### SUPPLIED INFORMATION

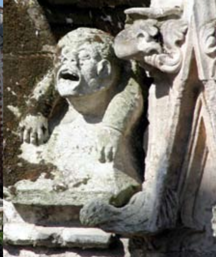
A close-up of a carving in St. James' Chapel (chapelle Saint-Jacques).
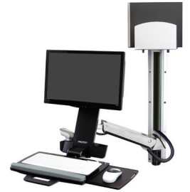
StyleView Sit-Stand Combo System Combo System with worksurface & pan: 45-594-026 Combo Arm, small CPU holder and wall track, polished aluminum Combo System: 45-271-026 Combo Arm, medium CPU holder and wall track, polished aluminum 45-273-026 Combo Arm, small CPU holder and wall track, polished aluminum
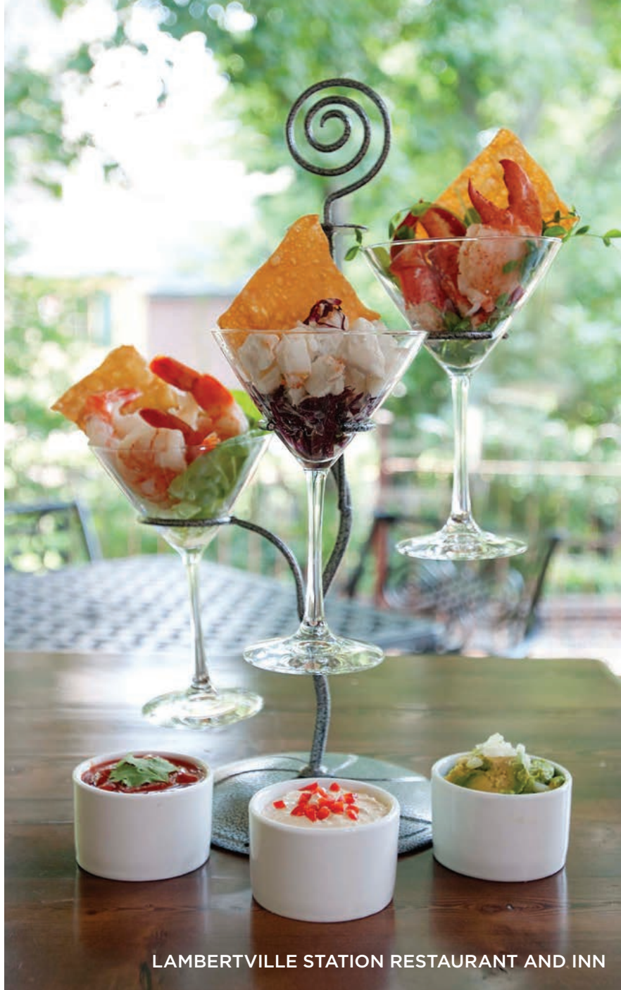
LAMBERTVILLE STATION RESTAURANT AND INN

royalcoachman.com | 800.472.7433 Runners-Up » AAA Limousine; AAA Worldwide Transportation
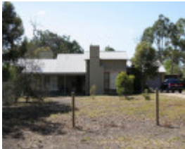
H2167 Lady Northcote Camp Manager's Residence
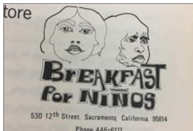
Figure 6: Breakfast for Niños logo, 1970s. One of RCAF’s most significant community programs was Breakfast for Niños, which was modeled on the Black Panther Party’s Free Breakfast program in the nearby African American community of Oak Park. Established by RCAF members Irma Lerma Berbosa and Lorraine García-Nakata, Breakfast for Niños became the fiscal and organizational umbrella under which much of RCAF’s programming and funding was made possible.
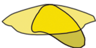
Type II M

### TASK PROMPT
A word-for-word copy of the lines from the one with "Figure 6: Breakfast" through the final line of the listing above is the whole answer, and it contains no pictures.

### SOLUTION TO THIS TASK
Figure 6: Breakfast for Niños logo, 1970s. One of RCAF’s most significant community programs was Breakfast for Niños, which was modeled on the Black Panther Party’s Free Breakfast program in the nearby African American community of Oak Park. Established by RCAF members Irma Lerma Berbosa and Lorraine García-Nakata, Breakfast for Niños became the fiscal and organizational umbrella under which much of RCAF’s programming and funding was made possible.
Type II M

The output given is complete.